Well, as usual, it is a fantastic day to be a Mormon Missionary. I am just so excited to be a servant of the Lord.
I loved the questions you asked in your email, about thinking back to day one in the CFM. I have been thinking a lot about how I have changed these past few months. Next week I will reach 7 months as a missionary... only 11 tiny months left!!!!! I have been talking to Sister VanWie about how, as I have changed and noticed changes I've made, that has made me realize who I was before. And let me tell you, it was NOT pretty. I realized how much patience I have gained and how much softer I have become, and that made me realize how bitter and tough and impatient I had been before. I'm really glad that at the time I didn't know who I was, because if I had to be that person again I would be horrified. I have learned how to work with leadership, how to let other people be in charge and to trust them. I've learned to reach out to the one. I have gained more and more confidence in my ability to do hard things.
This transfer, Sister VanWie and I have talked a lot about who we are. Well, mostly who she is because she didn't really know who she was and it bothered her. Last night we had a long talk about it. I felt the Spirit speak through me to her, and I said a lot of things that I could never have thought of that were teaching me at the same time. We came down to the conclusion that if we only think we know who we are once we've seen the finished product, we will never know and we will only feel a sense of in-completion. That's the point. I told her that the only thing she needs to know about who she is is that she is exactly obedient and will do anything that Heavenly Father asks of us. In essence, she is whoever Heavenly Father needs her to be. That is really the only way we can truly find peace in who we are. Too often we try to categorize ourselves and other people into where they "belong", like "jocks", or "nerds", or the "popular crowd". We may take pride in certain personality traits or talents that we have. But I have seen God take away some of mine to teach me a lesson, and also freely give me others that I did not deserve, nor work nearly hard enough for. None of those things really matter. All that matters is that we know that because we love our Father so much, we will do literally whatever it is that He asks. Until we can say that with conviction, we will never truly be happy with who we are because we know we are holding back somewhere, or we will wish that we had some other thing more. This knowledge truly brings peace. It was a really amazing experience to share with my companion. I watched a huge burden be lifted from her shoulders as I said these words, and she already is so much happier. They were all things that I needed to hear as well. I love learning from the Holy Ghost.
This week was a little rough on progressing investigators. We're really trying to find "the ones". However, Brother Bontrager is progressing really well!!! He's starting on the Word of Wisdom, he's already cut down from 3-4 cups of coffee to one, and he committed to come to church every Sunday he doesn't work at the fire station or have to be out of town for family!
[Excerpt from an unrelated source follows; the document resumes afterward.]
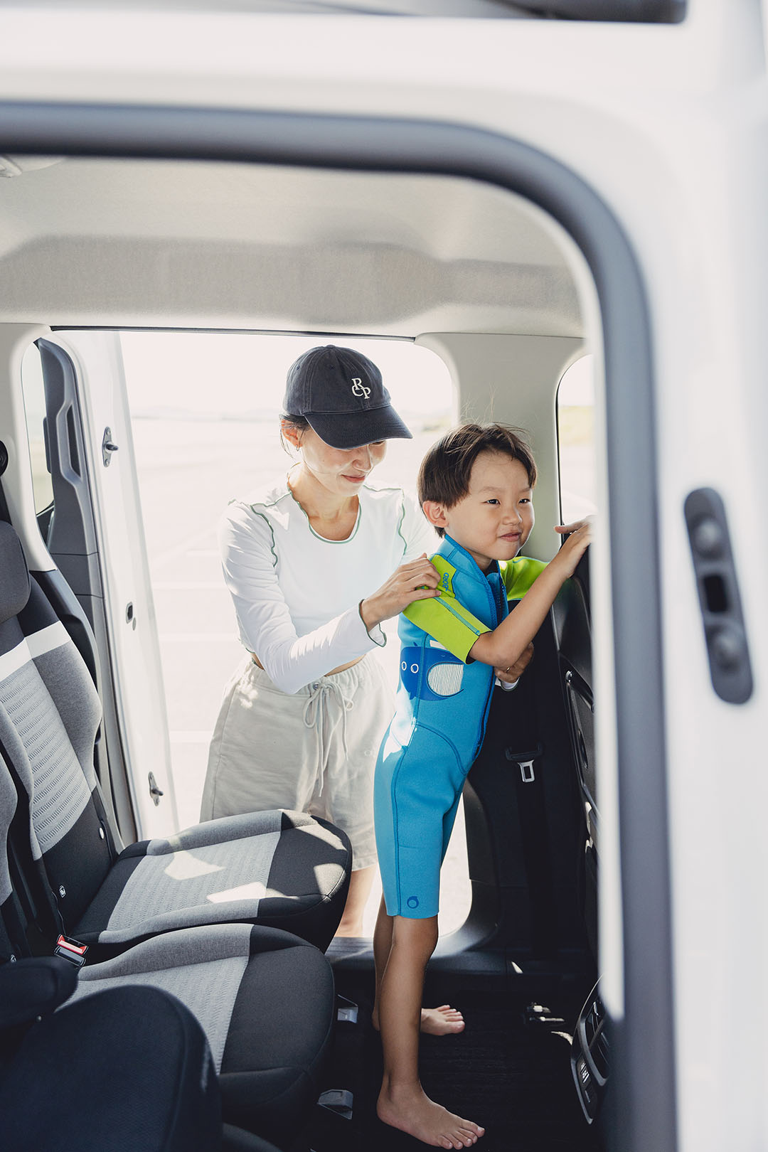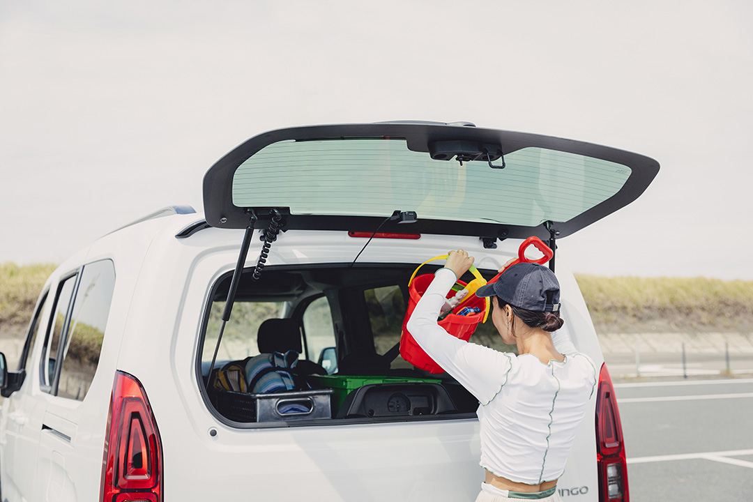 海水浴を楽しむ際、着替えをどうするのかは悩むところ……。そんなお悩み解決も、ベルランゴ ロングにおまかせ! 後部座席は大人3人が乗ってもゆとりのある空間が確保され、さらに天井も高いため圧迫感もなし。りくくんが立ったままでもお着替えができるほど!

That is a really big deal! His original date was set for this Sunday, which he isn't ready for, but it will be soon!
Also we have made leaps and bounds with ward members coming out with us. So excited about that. They are awesome!
Pretty nervous about transfer calls... I don't want to leave Kerman yet, but at the same time I've been here a long time and part of me is ready for something new and more hispanic!
Speaking of Hispanic.... today we had a five zone activity in Selma. We weren't sure we were going to go, because it's an all sports day and I'm still not allowed to run. But we were promised there would be volley ball, which I'm allowed to play at 50%. Well we get there... and there's no volley ball. And it was a lot of miles we used up. So we couldn't just go home. So what did I do? I played soccer at 100% for like 2 hours in the hot HOT sun. It felt so good. Although my body is angry with me, it was a pretty stupid choice. But I made at least 3 goals, I was one of two sisters to score anything at all. We played with a lot of Hispanic elders who live breathe and eat soccer, and we were all yelling in Spanish (like just things you would normally say, like I'm open, and What are you doing, and Elder, she's a girl!) it was so fun! I felt so Mexican!
and I'm tanning like crazy, I've gotten at least five shades darker in just the past few days, my watch tan is AMAZING.
And yep. Zone conference Wednesday. Transfer calls Saturday. If I move or get someone else that will happen next Tuesday. Yikes!
Love you all! The bathroom looks so good!